By analyzing existing cross correlation between Nomura Research Institute and FD Technologies Plc, you can compare the effects of market volatilities on Nomura Research and FD Technologies and check how they will diversify away market risk if combined in the same portfolio for a given time horizon. You can also utilize pair trading strategies of matching a long position in Nomura Research with a short position of FD Technologies. Check out your portfolio center. Please also check ongoing floating volatility patterns of Nomura Research and FD Technologies.

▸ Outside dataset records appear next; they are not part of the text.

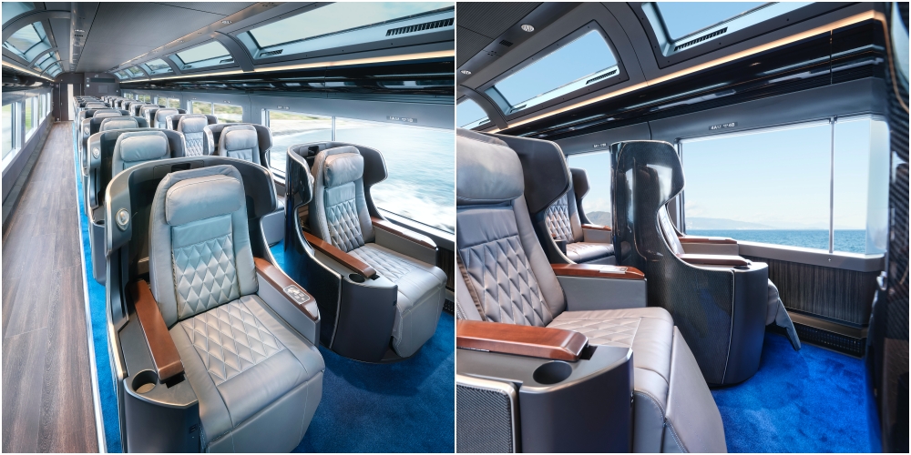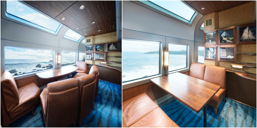 The SAPHIR ODORIKO comprises of eight cars, with Car 1 being the coveted Premium Green Car. The car’s windows are large and wide, with added skylights for a more expansive view. Providing extra space and privacy, there are only two single seats per row, all on the side facing the sea. These comfortable and plush leather seats can even swivel towards the window to give passengers an even better view.
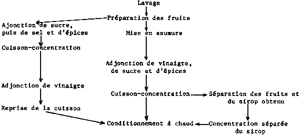 - On peut traiter tout d'abord les fruits avec du sel en forte concentration (15 pour cent au moins), sans ajouter de vinaigre. A cette teneur, tout développement microbien est inhibé, et il n'y a donc pas de fermentation dans le produit. Le sel est l'agent de conservation.- On peut également traiter les fruits avec une solution saline à une concentration d'environ 8 à 10 pour cent, ce qui permet le développement sélectif d'une certaine catégorie de micro-organismes (les bactéries lactiques) et autorise une fermentation. Ces bactéries vont transformer les sucres fermentescibles des fruits en acide lactique. Cet acide, ainsi que l'acide acétique provenant du vinaigre que l'on ajoute également aux fruits, inhibe le développement d'autres micro-organismes nuisibles, tels que les bactéries productrices de spores, les bactéries protéolytiques et les organismes pectolytiques. Ce sont donc ici les actions combinées du sel et du vinaigre qui assurent la conservation du produit fini.
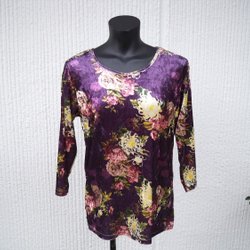 Lila Blommig Topp Stl. XL Krossad Sammet. Provad
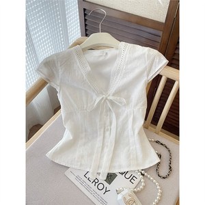 双层/原版绣花布+内里蕾丝花边短袖衬衫女夏甜美蝴蝶结系带上衣
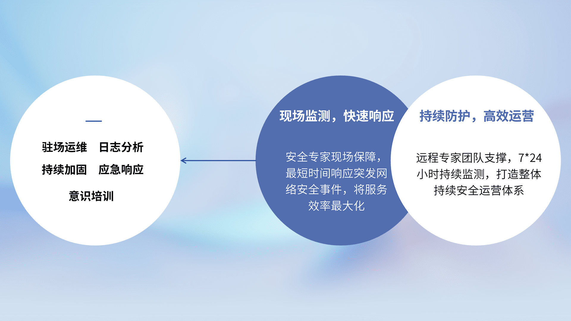 针对客户行业特性,,提供专属的一站式安全管理服务,,帮助客户全面感知网络空间威胁,,,通过安全专家的线上、、、线下防护支持,,,,实现风险闭环,,将安全保障常态化,,,为客户打造常态化安全运维运营服务。。
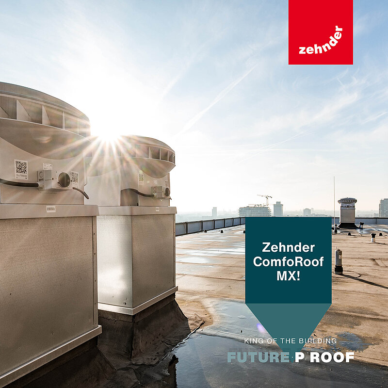 Ontelbaar veel woningen, scholen en (kleine) bedrijven worden mechanisch geventileerd met een Zehnder dakventilator. Kijk maar eens omhoog, de kans is groot dat je een Zehnder VDX of MX op het dak ziet staan. Zoals deze generaties dakventilatoren telkens hun tijd ver vooruit bleken te zijn, is ook de nieuwe ComfoRoof MX nu al klaar voor de eisen van de toekomst. Voor op-en-top dakventilatie.

Diversification Opportunities for Nomura Research and FD Technologies

-0.69
  Correlation Coefficient

Excellent diversification

The 3 months correlation between Nomura and FDRVF is -0.69. Overlapping area represents the amount of risk that can be diversified away by holding Nomura Research Institute and FD Technologies Plc in the same portfolio, assuming nothing else is changed. The correlation between historical prices or returns on FD Technologies Plc and Nomura Research is a relative statistical measure of the degree to which these equity instruments tend to move together. The correlation coefficient measures the extent to which returns on Nomura Research Institute are associated (or correlated) with FD Technologies. Values of the correlation coefficient range from -1 to +1, where. The correlation of zero (0) is possible when the price movement of FD Technologies Plc has no effect on the direction of Nomura Research i.e., Nomura Research and FD Technologies go up and down completely randomly.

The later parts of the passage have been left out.